鍵は368店舗(2026年5月時点)という巨大なスケールだ。
同社はサプライヤーを買いたたかないと主張している。むしろ逆で、チェーン全体で必要となる膨大な量を、長期にわたって安定して買い取ると約束するそうだ。
売り先と量が確約されれば、サプライヤーは在庫リスクから解放され、良質な原料を優先的に、安定した価格で回してくれる。互いが得をする関係だ。仕入れ交渉力で構造的に劣る零細店との差は、もはや努力で埋まる種類のものではない。こういうことは例えば、大手イタリアンチェーンのサイゼリヤでも起きている。
これは大資本だけが築ける、極めて強固な参入障壁ということになる。
ドリンクバーを廃止した
納得の理由
空間の設計も面白いと思う。
焼肉きんぐは、食べ放題の鉄則だったセルフ式バイキングを捨てた。客は席を立たず、タッチパネルで注文し、すべてが席まで運ばれてくる完全フルオーダー制である。
集客の目玉とされてきたドリンクバーまで廃止した。一見、人手のかかる非効率な選択に見える。だが狙いは明快だ。客を席に固定することである。
交代で取りに立てば、団欒(だんらん)は途切れる。皿に並べた肉は鮮度を落とす。子連れの親は、子から目を離せないまま往復する苦痛を強いられる。焼肉きんぐはこれらを一掃し、客が「食べることと話すこと」だけに集中できる時間を差し出したということだ。

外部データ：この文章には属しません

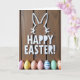 This design shows a tall, portrait-style scene set on warm brown wooden planks with visible grain and vertical lines. Near the top, a simple white line drawing of a long-eared bunny 🐇 sits lightly against the rustic background, giving the layout a gentle, friendly tone. Just below it, the words “HAPPY EASTER!” appear centered in large white all-caps letters, standing out clearly against the wood. A faint shadow under the letters makes the message look slightly raised, like it’s hovering above the surface. Along the bottom edge, a neat row of decorated egg shapes forms a border, arranged close together like they’re sharing space in a cozy lineup 🌷. The eggs are painted in soft pastel pink, sunny yellow, and mint green, and the patterns include blue-and-white stripes, orange swirls, and small polka dots that feel like little gestures exchanged between friends. The lighting is even and soft, bringing out the texture of the wood and the brushed paint details. The lower border shows multiple pastel eggs with mixed patterns lined up tightly across the full width of the card.
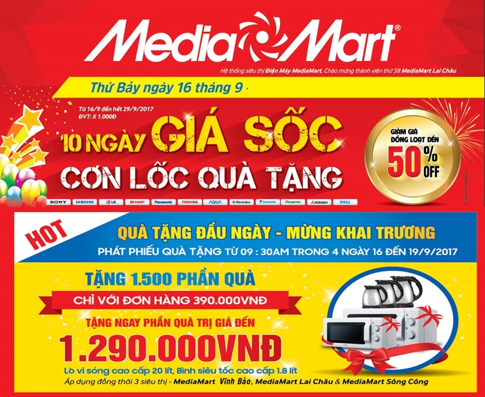 Sáng 16/9/2017, MediaMart sẽ đồng loạt khai trương thêm 03 siêu thị mới MediaMart Vĩnh Bảo tại khu phố 3/2, thị trấn Vĩnh Bảo, huyện Vĩnh Bảo, TP. Hải Phòng (cách bờ hồ 100m về phía Cầu Tây), MediaMart Lai Châu tại tổ 9 phường Tân Phong, TP. Lai Châu (cạnh tòa án nhân dân tỉnh Lai Châu) và MediaMart Sông Công tại lô 98 đường Cách mạng tháng tám, tổ 10 phường Thắng Lợi, TP. Sông Công, Thái Nguyên (cách chợ Mỏ Chè 100m) Để chào mừng thành viên mới, Media Mart mang đến sự kiện khuyến mại cực lớn mang tên “Giá sốc cơn lốc quà tặng”.

郊外ロードサイドという立地で、子連れファミリーから熱狂的に支持される理由がここにある。会話が途切れない店は、また来たくなる店なのだ。
もちろん、全部を運ぶとなれば従業員の負荷は跳ね上がる。肉の皿、スープ、ジョッキ、油で汚れた重い鉄板。一度に運ぶ重量は20~30kgに及ぶこともある。このジレンマを解いたのが、配膳ロボット「Servi」の大量導入だ。
人間より重いものを、疲れも知らず、混雑の最中でも安定して運び続ける。複数のテーブルへ同時に配膳と下膳をこなすため、店内の物流は劇的に最適化され、テーブルの回転率も上がった。結果として1店舗あたり1日9時間以上もの労働時間が生み出されているという。